Friday, March 11, 2011

Making the Road to Optimal Care as “Smooth” as Possible

Over the past several weeks, our physicians and nurses in the Emergency Department have had to rise to the occasion to care for a significant number of “boarders.” A boarder is a patient who needs to be admitted to an inpatient bed, but there is no bed available. If it was my daughter (or me) I would not want her to be on a stretcher in the ED if she needed to be on an inpatient unit. I know that it is no fun for our doctors, nurses, and other clinicians caring for admitted patients in the ED, either. Overloading the ED because we can’t get admitted patients to the right bed is unsafe for the patient and it creates undue staff stress and dissatisfaction.
There are two ways to fix this. One way is just to open and staff more beds for these “crunch” times of high census. This takes care of the problem but at a significant financial cost.
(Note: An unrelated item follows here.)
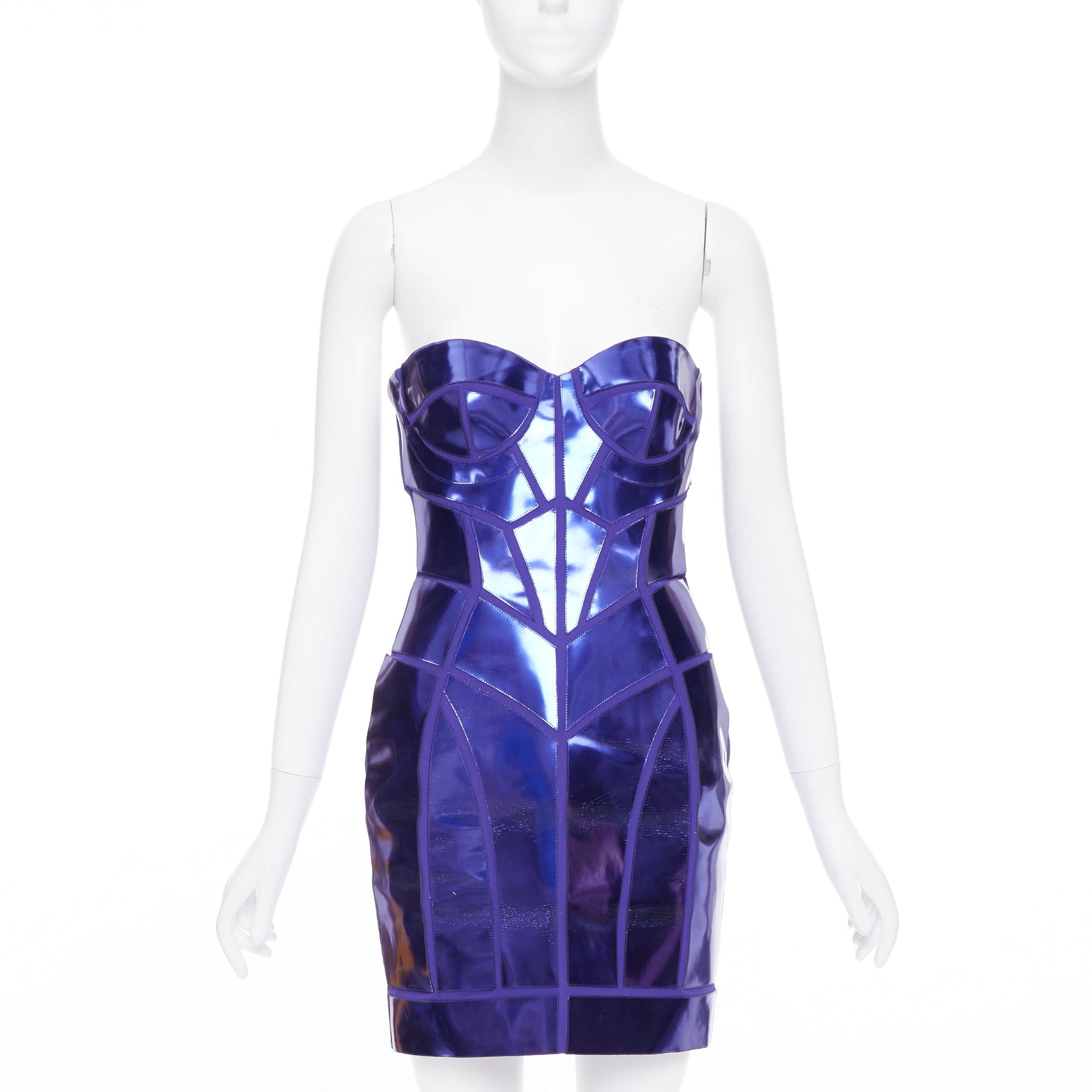 VERSACE 2010 Runway blue purple metallic silk leather corseted dress IT38 XS Katy Perry

Hospitals can no longer afford to have a lot of extra beds and staff that are used only during peaks in demand.
If the peaks in demand were due to the “natural” variability in illness in the community, we would have to open the extra beds and just deal with the extra cost (although I am not sure how we would do this) because it would be the right thing to do for the patient. The good news for us is…our peaks in demand are very often created by us. They are “artificial.” They are created by the way we schedule some of our admissions.
Elective surgery patients who require overnight stays in the hospital take up some of our inpatient beds. We have not done as well as we might at spreading these cases to an inpatient unit over the 5 weekdays. We might send 10 post-op patients to Unit 58 on a Monday, three on Tuesday, 12 on Wednesday, four on Thursday and 10 on Friday. On “peak” days, we have a hard time finding a bed for every patient, so patients backup in the ED and in the Post-Anesthesia Care Unit (PACU) and nurses are asked to work overtime or come in on a day off. On “valley” days, we may be asking nurses to take an unexpected day off because we don’t have enough patients to care for.
Over the past few weeks you may have heard the term Surgical Smoothing. And many of you may be wondering, what is this? What it means for GBMC is smoothing the number of elective surgery patients by day of the week to improve patient flow…the flow out of the Emergency Department and out of the PACU and the OR’s...and therefore reduce waits and delays.
We need to stop “batching” and move to more continuous flow. Patients are admitted and discharged in batches. Tests are run in batches. Surgeries are done in batches. Our goal is to serve every patient in need the way we would want our own loved ones served. The goal is easier to reach with continuous flow and not with the artificial variability of batching. And the goal of this “smoothing” initiative is to improve surgical flow, which will ultimately reduce wait times in the ED and ensure patients have a bed when they need to be admitted.
Think of it this way – You’re going to Ocean City. Traveling across the Bay Bridge at 2:00 a.m. on a Tuesday in February, you’ll have no problems with traffic. But try to cross the bridge at 11:00 a.m. on a Saturday in July and you’ll encounter backups for miles. These peaks and valleys in traffic are what we are experiencing in the hospital setting – and at the highest peak, we have the longest wait times and lowest satisfaction rates.
Surgical smoothing and assessing the flow of patients is also about the application of science and logic as opposed to managing by intuition. Scientifically we can calculate our bed need for medicine patients using queuing theory, and that’s what we will do. We will create urgency criteria to calculate how many ORs should be dedicated to urgent/emergent cases. We will study the flow of patients to individual units so that we can eliminate “artificial variability” in demand and smooth the flow of patient to units. We will also develop a new group of “flow engineers” to manage the system moving forward. And, we will do nothing that makes it harder for surgeons to do their work; In fact, the idea is to be able to do more surgery quicker and better.  Jack Flowers, MD, Chairman of Surgery, and Lewis Hogge, MD, Medical Director of Perioperative Services will oversee any changes to surgical schedules to assure that this is the case.  
This initiative is the single best thing we can do to improve our patient satisfaction as well as employee satisfaction because the wait times and staff overload will be reduced. This will also help improve patient outcomes because research has shown that the mortality rates on a unit where the nurses are overwhelmed goes up significantly.
And at the end of this journey, we will be a more efficient and even safer healthcare organization, and will ultimately achieve the quadruple goal of better health, better care, lower costs and more joy for those providing the care.  

Finally, I wish to end this week’s blog on a personal note because I feel it’s important that we remind ourselves of all the good in our lives and that the things we think are so bad, maybe are not all that bad after all…This past weekend I was in church twice in one day. In the morning I attended a funeral of a 21- year old family friend gone too soon, a truly tragic event that touched the lives of so many people; and in the afternoon I was fortunate to attend my niece’s confirmation, a true celebration of a young life full of promise for the future. Talk about polarizing events. This day really put life into perspective for me. It reminded me that life is a gift – we have to reflect on what’s good in our lives and make the best of every minute we are given.